É justamente na passagem da primeira fase da formação da cultura do consumo que havia o interesse em transformar as pessoas em consumidores. Nesse momento as pessoas eram preparadas para criar o gosto e moldar seus hábitos. Existe uma história dessa primeira fase, que ocorreu nas décadas finais do século XIX, de como era ser um burguês. Mas o que significava vir de uma casa burguesa? E o que uma boa casa burguesa deveria ter? A resposta era: ter uma piano.

Depois, surge uma outra pergunta: o que é ser americano? É viver esse “american way of life” com produtos da modernidade tecnológica: ter uma máquina de lavar roupa, uma geladeira.
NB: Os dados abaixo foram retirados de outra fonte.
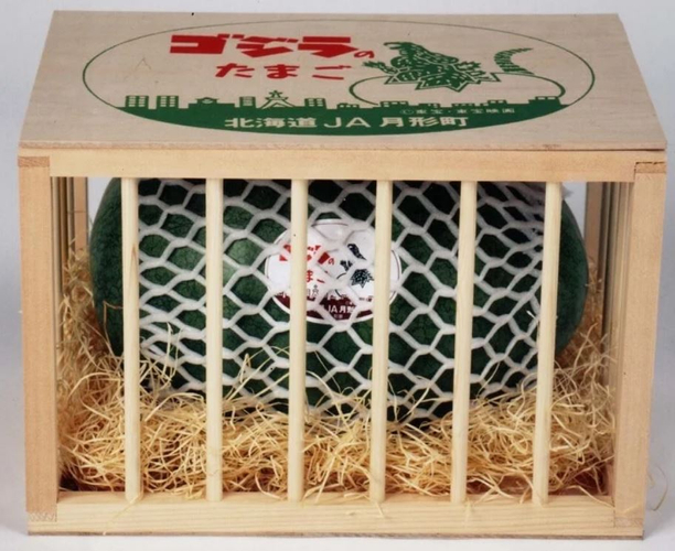 このスイカ「ゴジラのたまご」は、1991年(平成3年)、北海道樺戸郡月形町のわずか一つの農園が、栽培したのが始まりです。 果皮にしま模様が無く、ラグビーボールに似た楕円形で、“恐竜のたまご”を思わせ、 生産者自ら「ゴジラのたまご」と名付けました。果肉はシャリシャリとして口当たりがよく、後味はスッキリしています。恐竜が捕えられたような、オリの形をしたユーモアな木箱に入れてお届けします。ご家庭用、贈答用にもおすすめです。

Essa era  construção: o desejo por produtos concretos. Nesse desdobramento moderno, a competição do consumo excessivo gerou a necessidade de diferenciar produtos muito parecidos. Por que eu devo comprar uma geladeira A e não a B ou C? O que a geladeira A me diz sobre ser uma dona de casa nessa época? Ela sugere um conservadorismo, enquanto a geladeira B é mais moderna. As imagens que a mercadoria cria servem para diferenciar. E aí começam as imagens de marca. 

Tudo isso é o que eu chamo de fetichismo das imagens. Trata-se de algo absolutamente ilusório. Esse fetiche é algo que enfeitiça e, sendo ilusório, opera o funcionamento de uma realidade e uma sociedade. Você menciona os desenvolvimentos tecnológicos e isso é interessante, porque quando eu terminei a minha tese de doutorado sobre o McDonalds eu falava de fetichismo das imagens em um contexto muito incipiente de inovações. Já existia a internet no Brasil, mas não as mídias sociais. Não tinha toda essa loucura que virou o mudo virtual hoje. Mas na época eu já dizia como o fetichismo das imagens estabelece que a visibilidade é a regra, que é preciso estar na imagem para existir. 

Então, se isso já estava presente naquela época, imagina agora com as novas mídias sociais. É como se você não existisse se não estivesse nesse ambiente. O que é “Instagramável” é a regra. De fato, é viver para imagens. Esse é um elemento que complexifica o fetichismo das imagens, na medida em que ganha um alcance ainda mais exacerbado: é como se sua vida inteira fosse dedicada a viver para essa imagem que você constrói de si mesmo. Freud fala do ideal do eu e do eu ideal. Podemos pensar como essa expressão de um ideal do eu enquanto imagem fetichizada  ganha hoje, com as mídias sociais, uma nova dimensão.